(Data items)
○ ○ ○ ○ ○ ○ ○

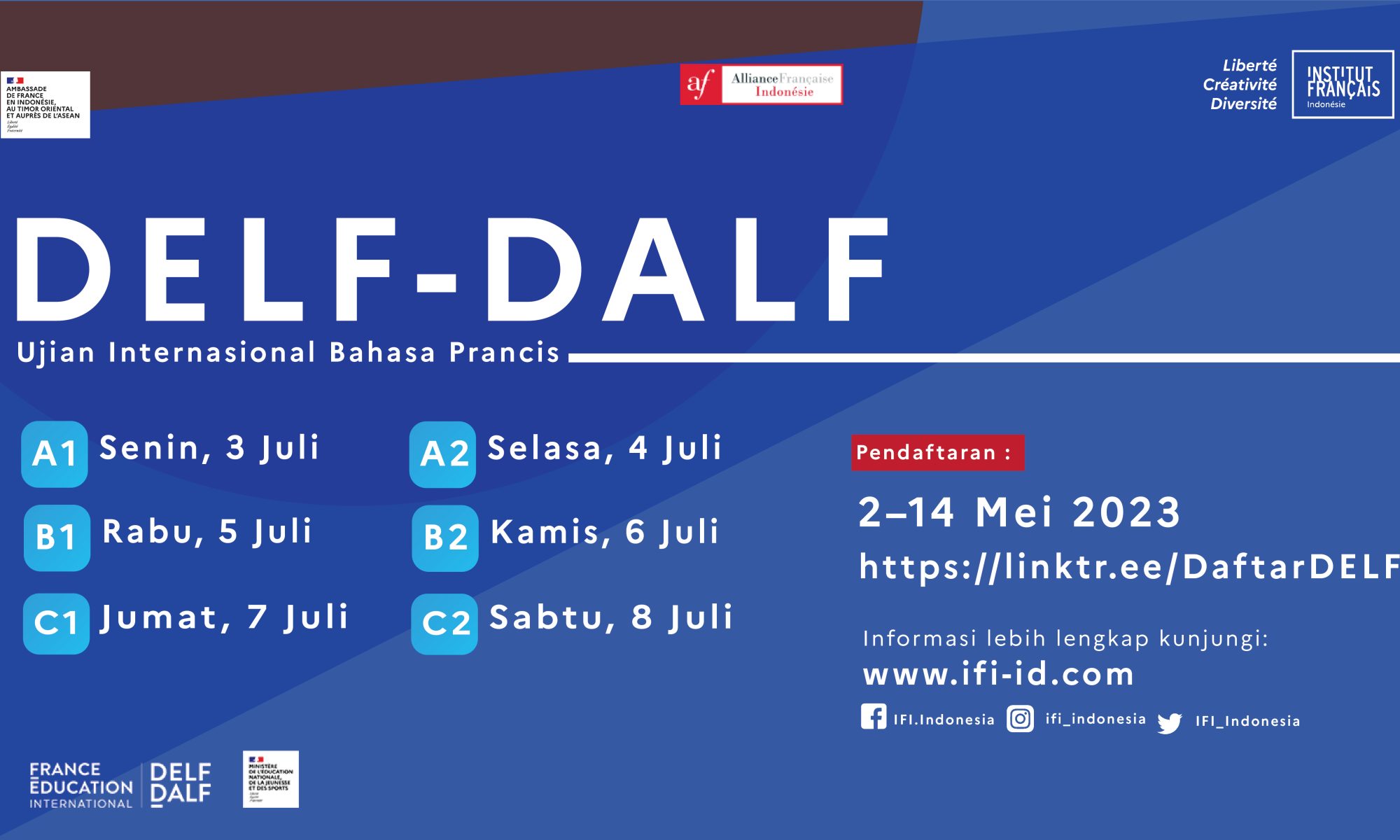 Les résultats de la session de mars 2024 de l’examen international DELF-DALF de l’Institut français d’Indonésie (IFI) et de l’Alliance française (AF) ont été officiellement annoncés. Nous félicitons tous les candidats qui ont passé l’examen avec succès lors de cette session ! Pour récupérer votre attestation de réussite ou pour obtenir d’autre information supplémentaire, veuillez vous rendre au secrétariat de cours du centre d’examen.
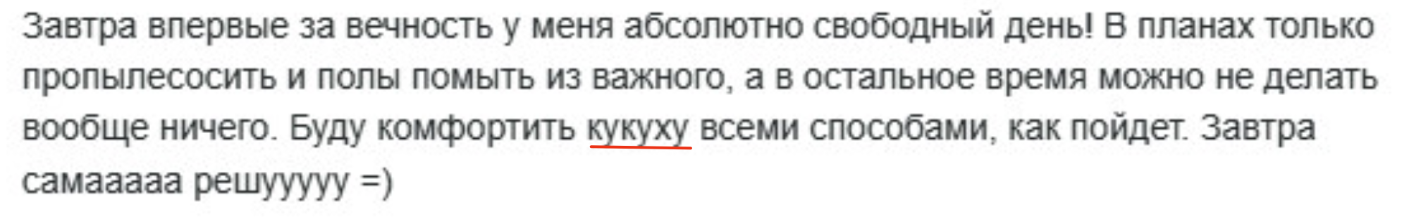 >>25624922 Ждём посты про "наконец-то выспалась, ахах. Хоречков жалко, но ничего не поделаешь. Кстати, купила нового тамагочи, конструктор с озона и новую картину! Бирочки в график вклеила, надеюсь, буду успевать, творчество очень успокаивает".
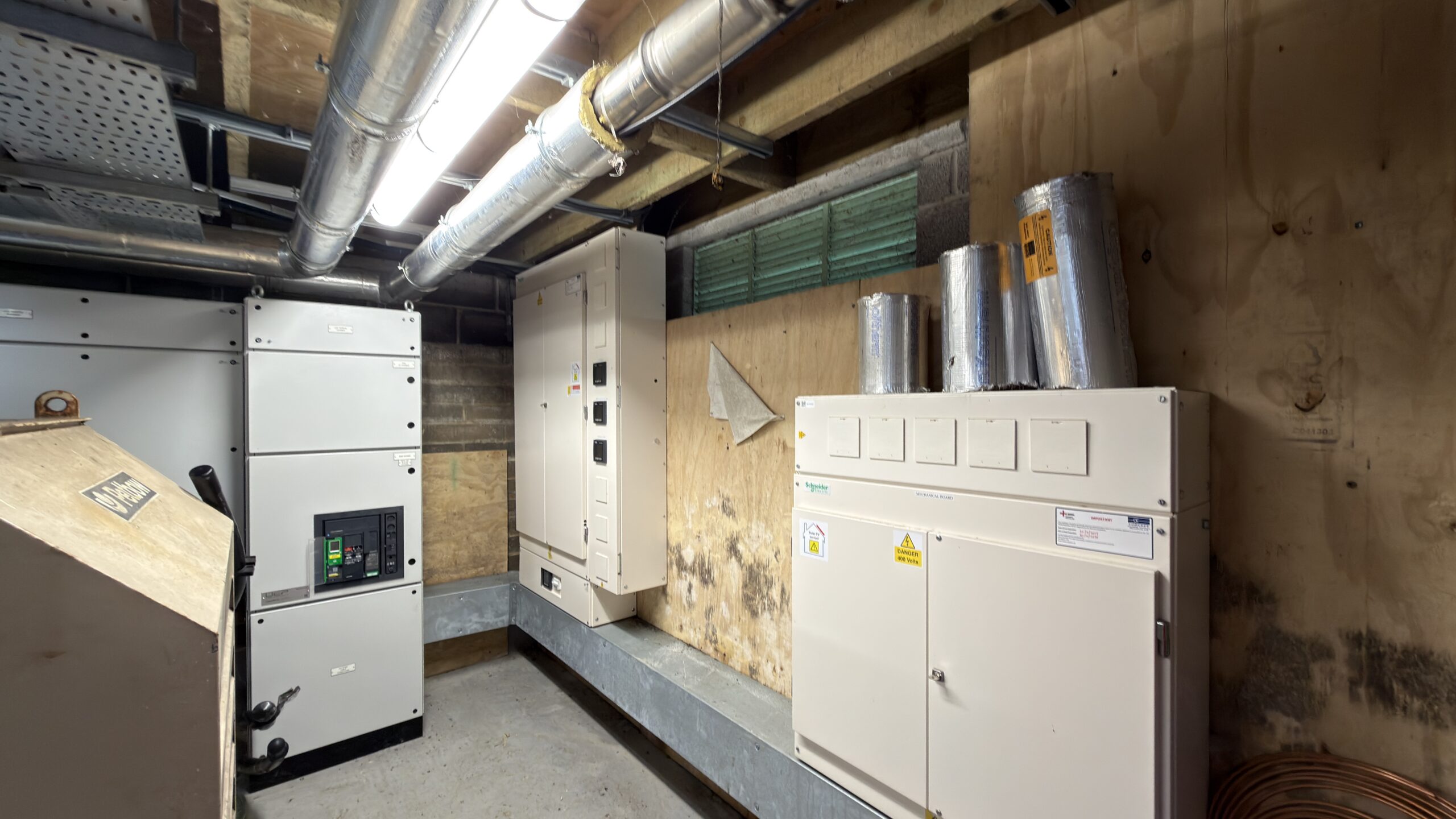 The introduction of heat pumps and renewable energy systems created a higher electrical demand across the site. To address this, we carried out major power infrastructure upgrades to ensure the building could support the new systems while maintaining operational resilience.
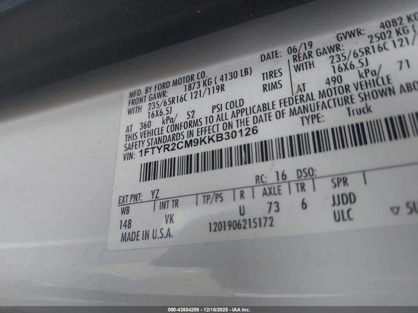 2019 FORD TRANSIT - 1FTYR2CM9KKB30126, цвет - Белый, 3.7, Бензин, Задний привод из США
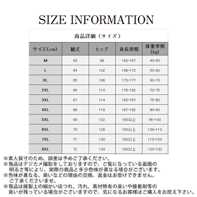 サイズ:/M/L/XL/2XL/3XL/4XL/5XL/6XL/7XL/8XL
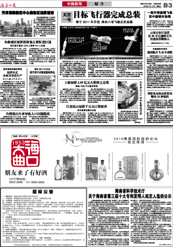 海南日报 中国新闻综 合 011 2010-08-181 2010年08月18日 星期三
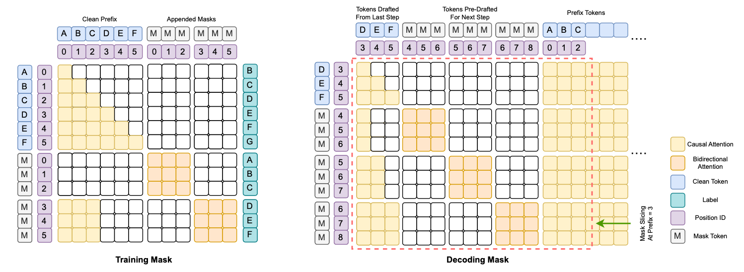 - Pre-drafted tokens for the next step: These are special mask tokens where new candidates are generated. They are processed with bidirectional attention, allowing the model to operate in a parallel, diffusion-like mode.
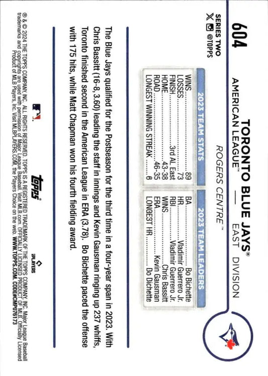2024 Topps #604 Team Card NM-MT Toronto Blue Jays Baseball Card
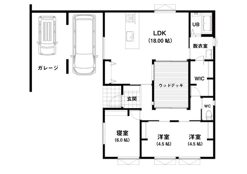ガレージ付き平屋モデル。
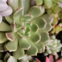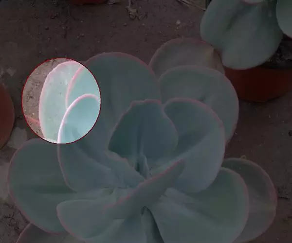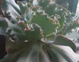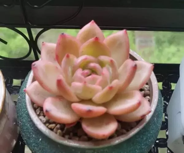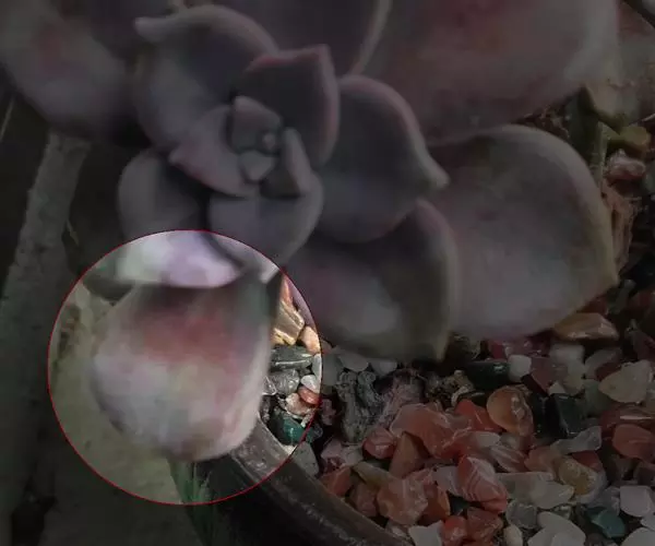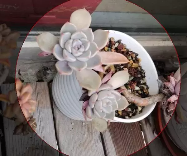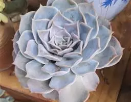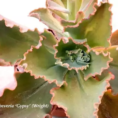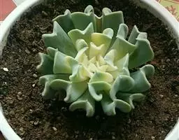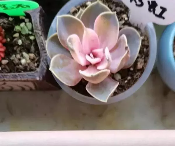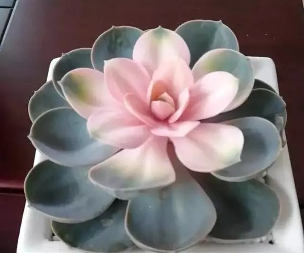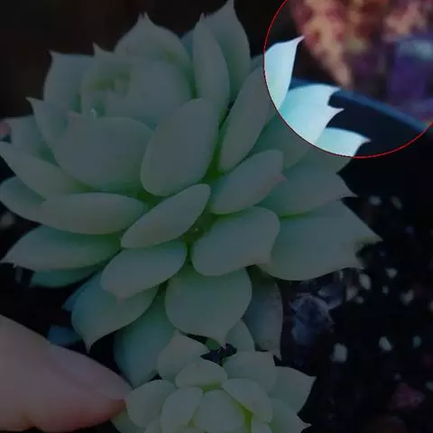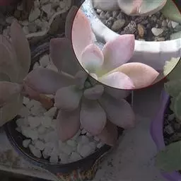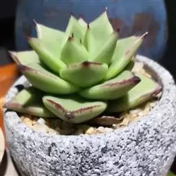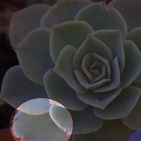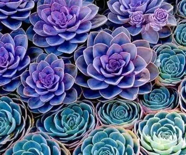 生长时绿色为主,紫色不明显,入秋后日夜温差拉大,叶片呈现美丽的粉紫色,叶缘呈白色。叶片呈莲座形螺旋排列,秋冬季观赏性最佳。放置在阳光下的话,会长成玫瑰花瓣状,使得这个品种具有非常强的观赏性。
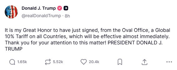 В своей соцсети Truth Social он объявил о подписании указа, подчеркнув, что он вступит в силу почти немедленно. По данным Белого дома, это произойдет 25 февраля, действовать пошлины будут 150 дней.

○ ○ ○ ○ ○ ○ ○

• **Aim of the exercise**
Could you repeat exactly the lines from the one containing "生长时绿色为主,紫色不明显,入秋后日夜温" to the last line of the records, both included, and leave out every picture?

• **Task result**
 生长时绿色为主,紫色不明显,入秋后日夜温差拉大,叶片呈现美丽的粉紫色,叶缘呈白色。叶片呈莲座形螺旋排列,秋冬季观赏性最佳。放置在阳光下的话,会长成玫瑰花瓣状,使得这个品种具有非常强的观赏性。
 В своей соцсети Truth Social он объявил о подписании указа, подчеркнув, что он вступит в силу почти немедленно. По данным Белого дома, это произойдет 25 февраля, действовать пошлины будут 150 дней.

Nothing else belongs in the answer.